Los amamos porque entendemos sus necesidades y nos sentimos capaces de influir en sus vidas. Podemos hacerlos reír y tenemos el poder de hacer que paren de llorar.

Los amamos porque muchas veces son ellos los que pueden cubrir las nuestras para recodarnos que no estamos solos y que en nuestra fragilidad humana el amor nos ennoblece, nos motiva y nos empodera.

Amamos a nuestros hijos sin importar su condición, sus defectos, sus virtudes, sus errores y sus triunfos. Los amamos porque son nuestros. Porque nacieron de nosotros, y porque creyendo en ellos creemos en nosotros mismos.

No necesitan ser fuera de este mundo para amarlos ni para ser amados

No necesitan ser niños eternos, ni andar por la vida repartiendo besos y abrazos para ser aceptados. No necesitan renunciar a su humanidad para ser bienvenidos. Todo lo contrario, necesitan fortalecerse en la vida de la manera más natural posible, siendo tratados con las mismas expectativas, amor y respeto con las que un padre trata a un hijo.

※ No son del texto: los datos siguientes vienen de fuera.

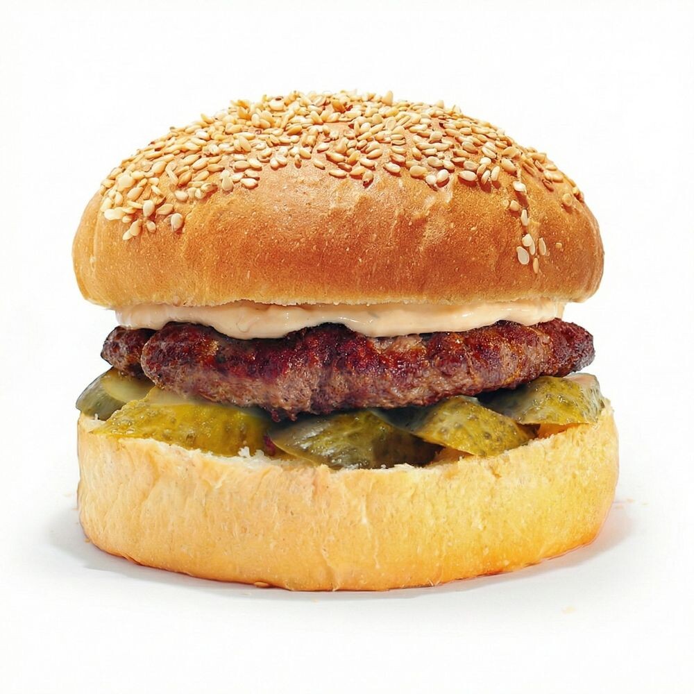 Булочка, говяжья котлета, соус для говядины,маринованные огурцы
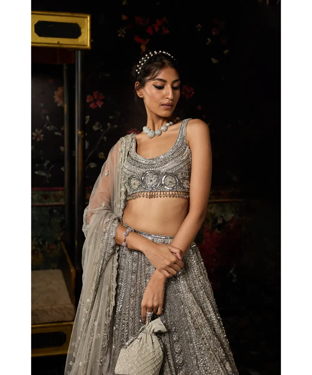GREY GUNMENTAL ARC CIRCLE EMBELLISHED  BLOUSE WITH EMBELLISHED LEHENGA AND EMBELLISHED SCALLOP CUTWORK DETAILED   DUPATTA WITH MATCHING POTLI BAG
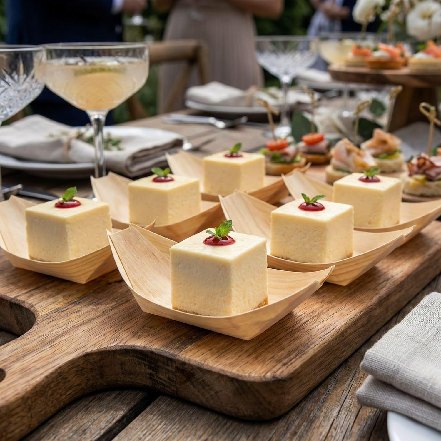 Infuse rustic elegance in your bakery, restaurant, or foodservice setup with our Taipei Natural Pinewood Small Food Tray / Boats. With their sturdy pinewood construction, these pinewood boats are durable, providing a reliable foundation for your servings. Offering streamlined cleanup with these disposable small boats that are perfect for expedient events. The wood grain pattern of these mini food boats carries an earthy charm, subtly improving your decor. Built for stability, these sustainable food boats are suitable for serving all kinds of foods, from pastries to salads. Measuring 4.5 inches in length by 2.5 inches in width, these pinewood food boats present ample space to serve generous portions while maintaining aesthetic appeal. Shipped in a 200 count box.
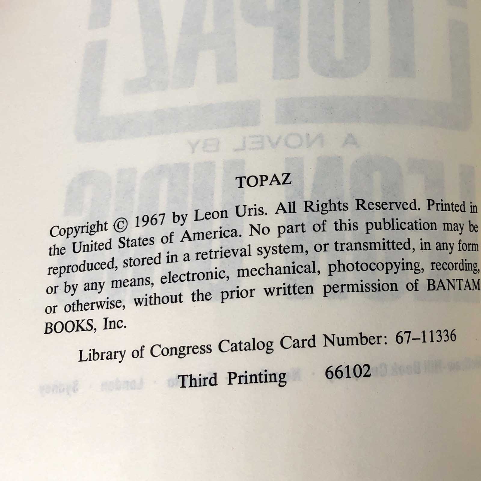 ![Topaz by Leon Uris [FIRST EDITION] 1967 • McGraw Hill](http://bookshopapocalypse.com/cdn/shop/products/topaz-9.jpg?v=1647917219&width=1445)
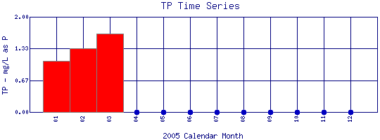 Total Phosphate Time Series for 2005 Boulder Creek at 107th St |

Ni más, ni menos. Porque otra realidad que nubla la objetividad es la tendencia a creer que hay que ser mejores para ser buenos padres para ellos. En la paternidad no hay plan establecido y con cada hijo, cada padre ajusta su ritmo. Y es que ni ellos necesitan ser fuera de este mundo para amarlos, ni nosotros tampoco para que nos amen.

Por eso, para que sigan creciendo y crezcan seguros, felices y capaces, tenemos que renunciar a la fantasía de creer que no tienen malicia y de que de que sus actos y comportamientos no tienen consecuencias porque son “especiales.” La vida está en función de la ley de causa y efecto.

Y la consecuencia más terrible y dolorosa de utilizar el diagnóstico como una excusa para justificar nuestras propias limitaciones como padres, es presenciar como nuestro hijo, la persona que más amamos o deberíamos amar, es excluida, es maltratada, y es minimizada sin oportunidad de ser reconocida como un ser humano como todos, con derechos y responsabilidades.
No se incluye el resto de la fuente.